◆ **Source information**
________________________________________

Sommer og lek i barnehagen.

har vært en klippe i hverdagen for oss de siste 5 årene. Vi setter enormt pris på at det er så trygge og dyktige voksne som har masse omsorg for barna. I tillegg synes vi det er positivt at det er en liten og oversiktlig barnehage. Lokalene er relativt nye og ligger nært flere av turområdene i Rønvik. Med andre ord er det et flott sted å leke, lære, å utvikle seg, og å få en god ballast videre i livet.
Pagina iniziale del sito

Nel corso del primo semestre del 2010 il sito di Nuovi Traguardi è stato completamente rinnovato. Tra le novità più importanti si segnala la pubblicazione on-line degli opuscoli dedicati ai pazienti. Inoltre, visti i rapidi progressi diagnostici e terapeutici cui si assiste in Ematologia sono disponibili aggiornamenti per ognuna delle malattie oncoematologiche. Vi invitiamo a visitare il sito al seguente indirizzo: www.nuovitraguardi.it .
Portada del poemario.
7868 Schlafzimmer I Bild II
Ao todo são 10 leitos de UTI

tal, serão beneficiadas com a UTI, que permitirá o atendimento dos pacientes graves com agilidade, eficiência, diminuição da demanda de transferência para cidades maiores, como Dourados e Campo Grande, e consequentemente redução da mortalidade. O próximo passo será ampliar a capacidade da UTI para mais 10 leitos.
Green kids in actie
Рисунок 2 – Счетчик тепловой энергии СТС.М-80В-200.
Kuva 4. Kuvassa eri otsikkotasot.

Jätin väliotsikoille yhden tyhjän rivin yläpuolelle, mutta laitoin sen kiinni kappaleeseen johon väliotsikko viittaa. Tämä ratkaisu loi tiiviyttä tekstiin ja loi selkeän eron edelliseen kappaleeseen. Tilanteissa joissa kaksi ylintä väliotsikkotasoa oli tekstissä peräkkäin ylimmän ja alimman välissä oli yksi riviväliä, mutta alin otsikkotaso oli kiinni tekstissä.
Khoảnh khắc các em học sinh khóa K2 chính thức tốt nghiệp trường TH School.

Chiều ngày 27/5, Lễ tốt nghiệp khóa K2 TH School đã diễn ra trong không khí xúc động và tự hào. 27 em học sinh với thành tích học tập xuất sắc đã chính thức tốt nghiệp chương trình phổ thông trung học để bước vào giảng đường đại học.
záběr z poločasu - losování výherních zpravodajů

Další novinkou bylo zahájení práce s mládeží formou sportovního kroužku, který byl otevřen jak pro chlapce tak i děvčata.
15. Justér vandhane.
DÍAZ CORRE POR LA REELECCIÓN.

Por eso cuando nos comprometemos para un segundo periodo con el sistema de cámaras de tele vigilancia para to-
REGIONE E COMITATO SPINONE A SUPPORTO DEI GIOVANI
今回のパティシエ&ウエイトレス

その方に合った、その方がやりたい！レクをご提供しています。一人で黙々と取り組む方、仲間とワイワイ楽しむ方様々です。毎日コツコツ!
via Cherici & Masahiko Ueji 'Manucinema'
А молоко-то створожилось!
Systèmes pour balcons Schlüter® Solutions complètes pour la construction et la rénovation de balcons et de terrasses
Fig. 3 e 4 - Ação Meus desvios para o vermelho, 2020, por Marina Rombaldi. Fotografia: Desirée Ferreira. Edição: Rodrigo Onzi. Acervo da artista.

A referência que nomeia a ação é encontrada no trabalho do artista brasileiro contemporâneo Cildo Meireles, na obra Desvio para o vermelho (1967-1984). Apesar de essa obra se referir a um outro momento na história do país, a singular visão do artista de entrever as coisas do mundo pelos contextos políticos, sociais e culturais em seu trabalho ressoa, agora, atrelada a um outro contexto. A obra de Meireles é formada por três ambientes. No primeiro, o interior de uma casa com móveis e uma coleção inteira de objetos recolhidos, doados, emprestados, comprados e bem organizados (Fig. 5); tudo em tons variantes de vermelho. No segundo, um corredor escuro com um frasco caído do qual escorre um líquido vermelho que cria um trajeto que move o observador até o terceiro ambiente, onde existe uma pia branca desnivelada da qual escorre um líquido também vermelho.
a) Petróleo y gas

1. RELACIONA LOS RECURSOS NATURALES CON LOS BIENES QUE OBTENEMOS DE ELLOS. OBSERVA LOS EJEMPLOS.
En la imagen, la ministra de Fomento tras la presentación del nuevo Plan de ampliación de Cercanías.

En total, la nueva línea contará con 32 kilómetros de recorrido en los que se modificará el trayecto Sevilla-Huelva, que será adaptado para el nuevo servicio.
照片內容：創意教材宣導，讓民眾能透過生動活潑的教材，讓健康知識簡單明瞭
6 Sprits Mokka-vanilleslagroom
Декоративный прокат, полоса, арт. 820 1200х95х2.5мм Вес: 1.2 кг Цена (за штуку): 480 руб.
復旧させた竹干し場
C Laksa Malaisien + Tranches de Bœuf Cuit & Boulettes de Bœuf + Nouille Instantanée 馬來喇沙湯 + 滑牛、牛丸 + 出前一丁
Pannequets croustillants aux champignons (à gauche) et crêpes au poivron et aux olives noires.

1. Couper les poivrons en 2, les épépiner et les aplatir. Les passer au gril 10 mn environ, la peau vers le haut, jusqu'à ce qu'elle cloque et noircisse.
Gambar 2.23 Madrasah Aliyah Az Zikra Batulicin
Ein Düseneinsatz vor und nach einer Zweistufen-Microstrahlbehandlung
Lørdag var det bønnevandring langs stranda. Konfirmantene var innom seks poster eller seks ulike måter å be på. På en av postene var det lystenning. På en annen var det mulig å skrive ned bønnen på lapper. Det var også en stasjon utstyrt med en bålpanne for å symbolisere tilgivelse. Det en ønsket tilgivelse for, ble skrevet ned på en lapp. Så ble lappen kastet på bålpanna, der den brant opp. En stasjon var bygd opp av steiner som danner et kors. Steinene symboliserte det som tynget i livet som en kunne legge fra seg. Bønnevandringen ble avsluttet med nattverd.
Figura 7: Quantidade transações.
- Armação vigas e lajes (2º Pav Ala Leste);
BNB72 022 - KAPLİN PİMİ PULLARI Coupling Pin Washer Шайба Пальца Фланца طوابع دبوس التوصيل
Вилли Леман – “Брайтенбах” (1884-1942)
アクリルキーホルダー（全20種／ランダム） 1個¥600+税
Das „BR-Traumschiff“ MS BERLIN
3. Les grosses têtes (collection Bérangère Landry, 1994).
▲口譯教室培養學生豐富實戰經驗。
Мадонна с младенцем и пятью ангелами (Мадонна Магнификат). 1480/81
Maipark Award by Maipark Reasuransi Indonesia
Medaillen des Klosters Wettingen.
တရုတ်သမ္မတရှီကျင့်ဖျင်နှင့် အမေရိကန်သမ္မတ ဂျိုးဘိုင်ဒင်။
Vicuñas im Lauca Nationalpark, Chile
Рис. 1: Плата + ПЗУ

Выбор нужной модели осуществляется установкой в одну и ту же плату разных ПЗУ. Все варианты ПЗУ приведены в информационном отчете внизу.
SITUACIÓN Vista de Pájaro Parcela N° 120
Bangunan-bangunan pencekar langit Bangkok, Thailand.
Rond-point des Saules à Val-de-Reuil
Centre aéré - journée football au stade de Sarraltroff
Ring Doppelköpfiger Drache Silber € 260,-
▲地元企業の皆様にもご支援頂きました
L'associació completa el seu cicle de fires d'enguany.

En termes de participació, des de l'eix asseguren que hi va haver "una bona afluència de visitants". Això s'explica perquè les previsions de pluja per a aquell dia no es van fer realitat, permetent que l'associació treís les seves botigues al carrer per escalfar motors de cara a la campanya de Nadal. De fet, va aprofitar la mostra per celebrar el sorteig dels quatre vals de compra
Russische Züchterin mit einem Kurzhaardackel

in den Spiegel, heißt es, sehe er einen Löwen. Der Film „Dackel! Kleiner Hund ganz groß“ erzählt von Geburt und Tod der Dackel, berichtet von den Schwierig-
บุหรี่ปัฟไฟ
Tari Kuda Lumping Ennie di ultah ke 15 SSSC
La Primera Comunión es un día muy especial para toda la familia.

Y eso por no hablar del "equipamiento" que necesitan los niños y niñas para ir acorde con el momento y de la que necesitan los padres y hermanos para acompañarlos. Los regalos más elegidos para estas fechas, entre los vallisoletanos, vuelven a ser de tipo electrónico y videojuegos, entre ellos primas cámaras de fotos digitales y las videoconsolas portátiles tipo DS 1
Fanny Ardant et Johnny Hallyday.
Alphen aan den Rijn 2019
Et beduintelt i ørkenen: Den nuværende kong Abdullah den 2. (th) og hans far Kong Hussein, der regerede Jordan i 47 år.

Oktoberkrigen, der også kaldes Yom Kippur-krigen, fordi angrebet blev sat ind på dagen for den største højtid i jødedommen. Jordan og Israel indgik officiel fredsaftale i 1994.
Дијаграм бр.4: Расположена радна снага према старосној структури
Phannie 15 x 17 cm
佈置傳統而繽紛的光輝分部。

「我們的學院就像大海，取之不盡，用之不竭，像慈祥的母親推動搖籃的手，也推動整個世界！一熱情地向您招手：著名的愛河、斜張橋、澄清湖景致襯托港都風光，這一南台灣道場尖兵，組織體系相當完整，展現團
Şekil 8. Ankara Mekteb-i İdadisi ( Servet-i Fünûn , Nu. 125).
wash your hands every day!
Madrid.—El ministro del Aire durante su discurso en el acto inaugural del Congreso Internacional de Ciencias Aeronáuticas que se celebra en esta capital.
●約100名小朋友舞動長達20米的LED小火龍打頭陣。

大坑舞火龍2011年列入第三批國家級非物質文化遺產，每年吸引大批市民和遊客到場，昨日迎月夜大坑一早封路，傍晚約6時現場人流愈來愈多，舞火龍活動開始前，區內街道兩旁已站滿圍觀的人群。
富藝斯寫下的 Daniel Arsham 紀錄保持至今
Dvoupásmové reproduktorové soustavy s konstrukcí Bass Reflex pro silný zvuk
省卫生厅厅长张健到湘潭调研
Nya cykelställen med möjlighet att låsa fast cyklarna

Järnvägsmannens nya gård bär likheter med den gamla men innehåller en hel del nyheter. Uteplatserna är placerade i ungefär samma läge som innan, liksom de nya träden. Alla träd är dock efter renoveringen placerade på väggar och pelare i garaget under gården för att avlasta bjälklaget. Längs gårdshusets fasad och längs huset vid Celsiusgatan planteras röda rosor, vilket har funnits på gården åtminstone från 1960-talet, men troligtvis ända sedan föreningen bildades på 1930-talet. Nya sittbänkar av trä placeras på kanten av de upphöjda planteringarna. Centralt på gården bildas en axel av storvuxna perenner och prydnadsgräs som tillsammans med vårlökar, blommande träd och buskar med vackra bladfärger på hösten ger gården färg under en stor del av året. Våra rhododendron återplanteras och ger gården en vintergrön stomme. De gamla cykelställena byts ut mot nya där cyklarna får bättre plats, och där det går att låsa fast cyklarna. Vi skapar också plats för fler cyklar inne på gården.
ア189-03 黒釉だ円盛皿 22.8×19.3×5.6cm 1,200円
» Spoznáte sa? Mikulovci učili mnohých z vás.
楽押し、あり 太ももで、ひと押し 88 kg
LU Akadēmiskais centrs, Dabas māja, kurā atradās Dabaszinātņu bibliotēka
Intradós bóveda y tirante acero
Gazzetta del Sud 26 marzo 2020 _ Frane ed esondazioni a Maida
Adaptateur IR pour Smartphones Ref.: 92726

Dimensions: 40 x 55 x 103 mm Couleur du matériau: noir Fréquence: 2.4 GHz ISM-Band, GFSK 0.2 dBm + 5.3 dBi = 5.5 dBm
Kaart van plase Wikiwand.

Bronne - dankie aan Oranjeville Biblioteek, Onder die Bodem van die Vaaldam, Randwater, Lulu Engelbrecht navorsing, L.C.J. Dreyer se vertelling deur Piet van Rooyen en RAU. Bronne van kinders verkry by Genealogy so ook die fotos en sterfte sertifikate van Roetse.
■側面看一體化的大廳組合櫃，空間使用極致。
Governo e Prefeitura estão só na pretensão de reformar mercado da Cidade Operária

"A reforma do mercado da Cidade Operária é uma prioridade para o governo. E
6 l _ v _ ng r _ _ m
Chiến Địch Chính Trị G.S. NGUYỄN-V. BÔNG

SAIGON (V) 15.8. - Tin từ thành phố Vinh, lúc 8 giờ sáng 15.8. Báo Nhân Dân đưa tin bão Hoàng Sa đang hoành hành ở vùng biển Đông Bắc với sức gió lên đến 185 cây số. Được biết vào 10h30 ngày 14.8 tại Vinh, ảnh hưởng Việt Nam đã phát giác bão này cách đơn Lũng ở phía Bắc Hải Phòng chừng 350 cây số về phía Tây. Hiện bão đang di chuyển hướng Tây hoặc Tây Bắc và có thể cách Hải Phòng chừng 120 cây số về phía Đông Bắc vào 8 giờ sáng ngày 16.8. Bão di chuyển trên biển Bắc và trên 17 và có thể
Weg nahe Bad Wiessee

________________________________________

◆ **What the task requires**
Find the word "ngày" in the data and show each line that holds it.

◆ **Reply to the exercise**
Chiều ngày 27/5, Lễ tốt nghiệp khóa K2 TH School đã diễn ra trong không khí xúc động và tự hào. 27 em học sinh với thành tích học tập xuất sắc đã chính thức tốt nghiệp chương trình phổ thông trung học để bước vào giảng đường đại học.
SAIGON (V) 15.8. - Tin từ thành phố Vinh, lúc 8 giờ sáng 15.8. Báo Nhân Dân đưa tin bão Hoàng Sa đang hoành hành ở vùng biển Đông Bắc với sức gió lên đến 185 cây số. Được biết vào 10h30 ngày 14.8 tại Vinh, ảnh hưởng Việt Nam đã phát giác bão này cách đơn Lũng ở phía Bắc Hải Phòng chừng 350 cây số về phía Tây. Hiện bão đang di chuyển hướng Tây hoặc Tây Bắc và có thể cách Hải Phòng chừng 120 cây số về phía Đông Bắc vào 8 giờ sáng ngày 16.8. Bão di chuyển trên biển Bắc và trên 17 và có thể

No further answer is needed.